The injured bald eagle is still recovering in wildlife rehab in Saunderstown. Unfortunately, her recovery is going “slower than we had hoped,” said Kristin Flether, the executive director of the Wildlife Rehabilitators Association of Rhode Island.

The eagle was shot and found at the Johnson Landfill last week. State and federal officials are investigating.

“She is still not self feeding,” Fletcher said, noting that renowned local wildlife veterinarian Meredith Bird believes the eagle has lead poisoning frm the buckshot and may also have some “neurological issues.”

Fletcher added, “there may be more at play here.”  The eagle has a CAT scan scheduled for today at 2pm.

Eleanor, as the two-year-old female bald eagle is affectionately and unofficially being called, is eating a vitamin powder mixed with water called Carnivore Care. But they’ve been offering her whiting donated from Galilee “with the heads still on,” said Fletcher, but Eleanor isn’t interested.

While this is the first injured eagle the Wildlife Rehabilitators Association of Rhode Island have tended to, it’s by no means the state’s only bald eagle. Chris Raithel, a wildlife biologist with DEM, estimated there are between 10 and 20 bald eagles in Rhode Island this winter. They winter in Rhode Island from as far away as Canada, or the deep south.

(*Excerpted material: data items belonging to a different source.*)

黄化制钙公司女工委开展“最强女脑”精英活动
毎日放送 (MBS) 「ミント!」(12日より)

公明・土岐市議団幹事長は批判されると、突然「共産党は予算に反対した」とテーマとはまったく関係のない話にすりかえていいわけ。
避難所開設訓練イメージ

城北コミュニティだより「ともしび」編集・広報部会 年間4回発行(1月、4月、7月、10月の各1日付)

“In the early 1980’s, when I first started bird watching, it was unusual to see even one,” he said. This winter, 6 have been spotted at one time on the East Providence Reservoir.

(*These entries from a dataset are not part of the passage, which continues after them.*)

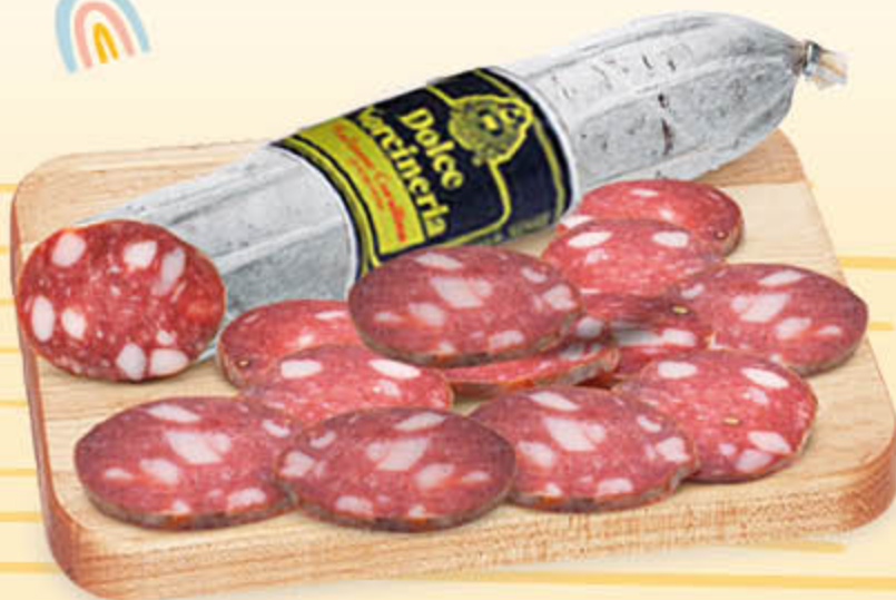
SALAME CORALLINA NEL REPARTO GASTRONOMIA
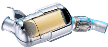
Filtro de partículas
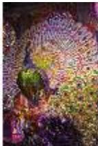
Lin.II, Maurischer Kiosk, Pfauenthron (Detail), DI004558, BSV-
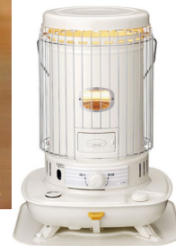
電池式 灯油ストーブ 5台
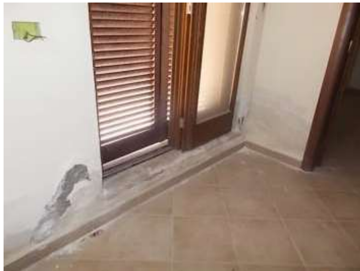
ambienti ultimo piano compromessi dalle infiltrazioni provenienti dai terrazzi e dal muro di contenimento della strada

Like other carnivorous birds, bald eagle’s population declined drastically in the 1960’s and 70’s when farmers used DDT to spray crops. A generation after outlawing DDT, eagles, osprey, falcons and pelicans are all making comebacks. They are living evidence that environmental regulation works.

A Bald Eagle flying over Greenwich Cove. (Photo by Jeff Stevens)

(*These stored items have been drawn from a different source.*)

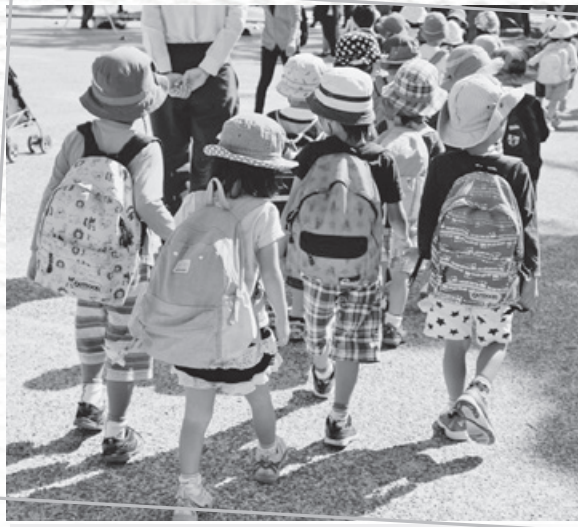
▲ 校園輔導應尊重兒童的意願

然而，從衛生福利部保護司統計資訊網站公布家庭暴力統計中，仍無目睹家暴兒童的數字，雖然通報表中有目睹家暴兒童人數填寫欄位，至今仍無對外公告統計
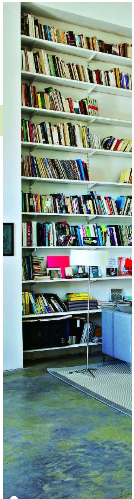
POCA INVERSIÓN. El color y los textiles son dos de los agentes que producen los cambios más importantes en decoración, y ninguno de ellos requiere de un desembolso exagerado.
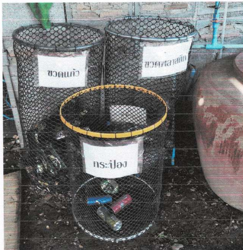
ที่คัดแยกขยะรีไซเคิลโดยใช้ตะแกรงพดลมเก่า

“You can see them almost any place at any time,” Raithel said. Some of their more common locales include the Seekonk River near Swan Point Cemetery, 100 Acre Pond in Barrington, Indian Lake in South Kingstown and I saw one over Greenwich Cove just a few weeks ago.

“They prey on fish, ducks and gulls and they tend to hang around where the pickings are good,” he said. “They also scavenge. If a deer dies, they will eat that. They can be seen at fish processing plants.”

The state’s lone known nesting pair has been living over an island on the Scituate Reservoir watershed for about 10 years. Their nest can be seen from Route 116, Raithel said. “It’s been a highly productive pair,” Raithel said. “Every year they have reared young successfully.”

Another view of the bald eagle flying over Greenwich Cove. (Photo by Jeff Stevens)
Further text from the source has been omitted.